Even using cloud providers costs money, data egress and ingress costs $, BLOB storage costs $, additional security measures cost $. So it’s really not ideal when our databases, for historical reasons or by virtue of the sheer AMOUNT of data we hold and process, are 5, 10, 50, 100TB+, because we’re going to be struggling with this Dev/Test issue still for years to come.
As before with point 3, database virtualization has come of age and has now we have a lot of different solutions from containerization through DBaaS that can aid us in minimizing the amount of space that we ACTUALLY require, meaning we have less money that we need to pour into maintaining large, unwieldy Dev/Test environments or paying a large bill for the privilege of doing so in the cloud (and when developers will be using their dev machines anyway it just makes sense to see what we can do to leverage this existing hardware).

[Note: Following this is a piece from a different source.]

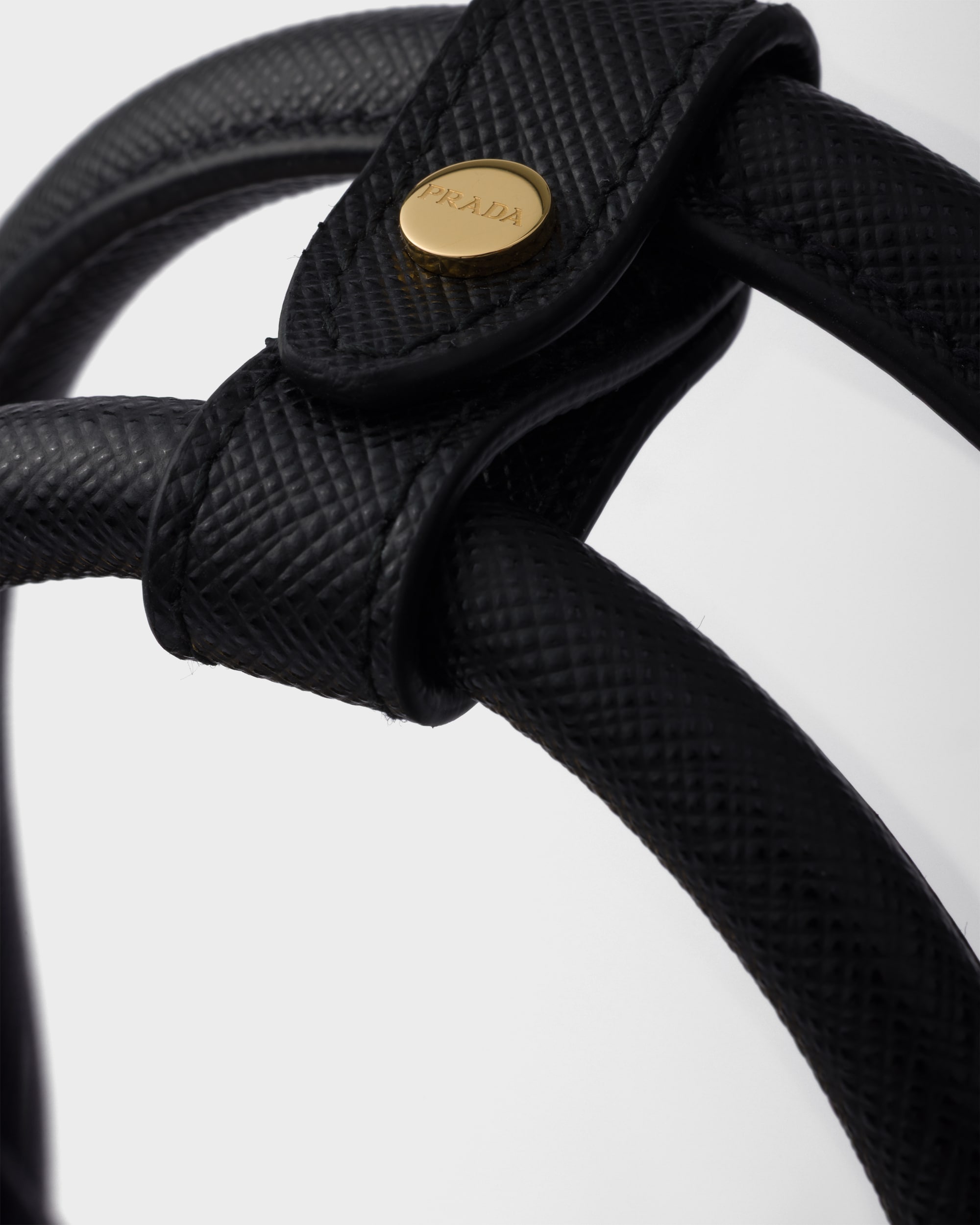The Prada Galleria bag, which exemplifies Prada’s centennial excellence in luxury leather goods, becomes a reflection of the brand’s modernity and stylistic identity that seeks to interpret kaleidoscopic contemporaneity through a pragmatic design and structured lines. The accessory, presented in the small version, is made of iconic Saffiano leather that was patented by the founder of the brand and features a crosshatch texture and waxed finish. The Prada Galleria bag, named after the historic Prada store opened by Mario Prada in 1913 in Galleria Vittorio Emanuele II in Milan, expresses the quintessence of the brand’s timeless elegance.

Whilst this one doesn’t directly add specific value to the end of the pipeline, or speed up this delivery, it can help reduce overhead costs associated with the infrastructure needed when providing this value.
5 – Work on realistic data without worrying about data breaches
This is probably one of the most obvious reasons given that I tend to blog about data regulations and compliance ALL THE TIME but I feel like I need to keep saying this.
If you remove all of the data from development and test database copies, this will not help with development and developers will have nothing meaningful to go on, nor any testing that isn’t limited to pre-defined values.
If you leave all of the data in development and test database copies, all you’re doing is duplicating your attack surface area and creating a lot of potential risks for that data to be surfaced where it shouldn’t be – on the internet, in screenshots, emails and of course, hacked.
So there needs to be a happy medium where we can have both the useful data that gives us insight and intelligence of a full data set, the business logic, trends, demographics etc. that we need during testing or analytics – but it should also be sanitized so that data subjects contained therein cannot be re-identified. Static masking, applied to lower environments allows us to retain the data with none of the data.

Protective measures can be built into the DevOps process from the very beginning as you’ve already seen right here on my blog; so as long as it is a part of the process, and we have multiple controls (or guard rails) that allow us to operate safely and quickly without fearing that same speed will cause us to release any sensitive information, allowing us to focus on one thing, value.
Conclusion
As you’ve seen above, it all comes down to time and money but there are many ways to save and speed up within a DevOps process by means of a good, solid database provisioning process. Whilst none of these reasons comes with a fixed ROI (unless you have ALL of your pre-prod database storage costs to hand) they contribute to something far better than that:
The ease of delivering value.
In a world where we can be concerned about everything, and where it’s hard to keep up with emerging technologies – it makes sense to start pruning away blockers to the process, the problems that are stopping us from delivering value faster – THAT is the theme and point of this blog post; our end users. We’re already delivering excellent value to them, we trust our developers and teams, but what’s stopping them from moving faster with database changes? Adopting a good provisioning process will mean you start to notice all of the above become true of your database development lifecycle.